Jyoti Basu, Communist Who Ran Indian State for 23 Years, Dies
January 17, 2010, 07:02 AM EST Jan. 17 (Bloomberg) -- Jyoti Basu, who ruled India’s eastern state of West Bengal for 23 years at the head of an elected communist government, died today.
Basu, 95, died at 11:47 a.m. local time, Debashish Sharma, superintendent of AMRI Hospital, said by telephone from Kolkata. Basu had backed reforms that distributed farm land to the poor and raised production, and he remained popular with the state’s rural masses, his speeches attended by up to a million people at the height of his influence.
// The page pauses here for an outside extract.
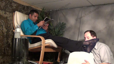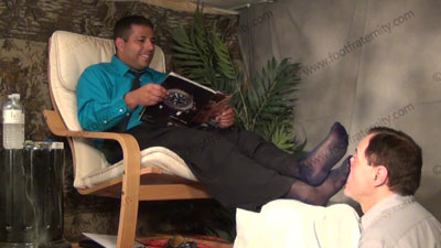 In dress pants, shirt & tie, Roberto is reading his Playboy magazine as slave must shave the hair from his macho feet. The slave must put the blue sheer to toe dress socks on his feet for worship as he continues to read; Roberto sitting in easy chair on riser high above, with slave kneeling at his feet as he just sits back and relaxes as he does whatever he wants as love making is done to his socked and then to his bare feet. He has long bare foot massage combined with foot licking, kissing and toe sucking; three camera views (one close up) & two other very sensual angles. He loves it that he is the king here and we live to make love to his feet.

He was taken to hospital in Kolkata, West Bengal’s capital, on Jan. 1 with respiratory problems.
“It’s a sad day for all of us,” India’s Home Minister P. Chidambaram said in Kolkata today. “He was a great patriot, a great democrat, a great parliamentarian and a great source of inspiration.”
A London-educated barrister, Basu retired as chief minister in November 2000 because of ill health. While he is credited with bringing stability to a state known for its fractious, rowdy politics, Basu and his Communist Party of India (Marxist) failed to attract the investment flowing into regions like Andhra Pradesh, Maharashtra and Karnataka.
“Jyoti Basu was ambitious and progressive, and presided over political stability and the underdevelopment of West Bengal for almost quarter of a century,” said Omprakash Mishra, pro- vice chancellor of the New Delhi-based Indira Gandhi National Open University. “Industry, infrastructure, education and health care suffered during his tenure.”
Basu began his political career in the 1940s as a trade union leader. In the 1980s and 1990s, his party opposed the use of computers in banks and other public offices on concern that they would eliminate jobs, making Kolkata less attractive for India’s software firms. The city fell behind the likes of Bangalore, Hyderabad and Mumbai.
Pressure to create jobs in the city led Basu and his Marxists to soften their ideological opposition to private investment, and Kolkata now hosts offices of many large Indian and overseas companies.
The Communist Party of India (Marxist) became a key ally of Congress Prime Minister Manmohan Singh’s government from 2004 to 2008, when they used their influence to stall the sale of shares in state-run companies and block the entrance of foreign investment in banking and insurance.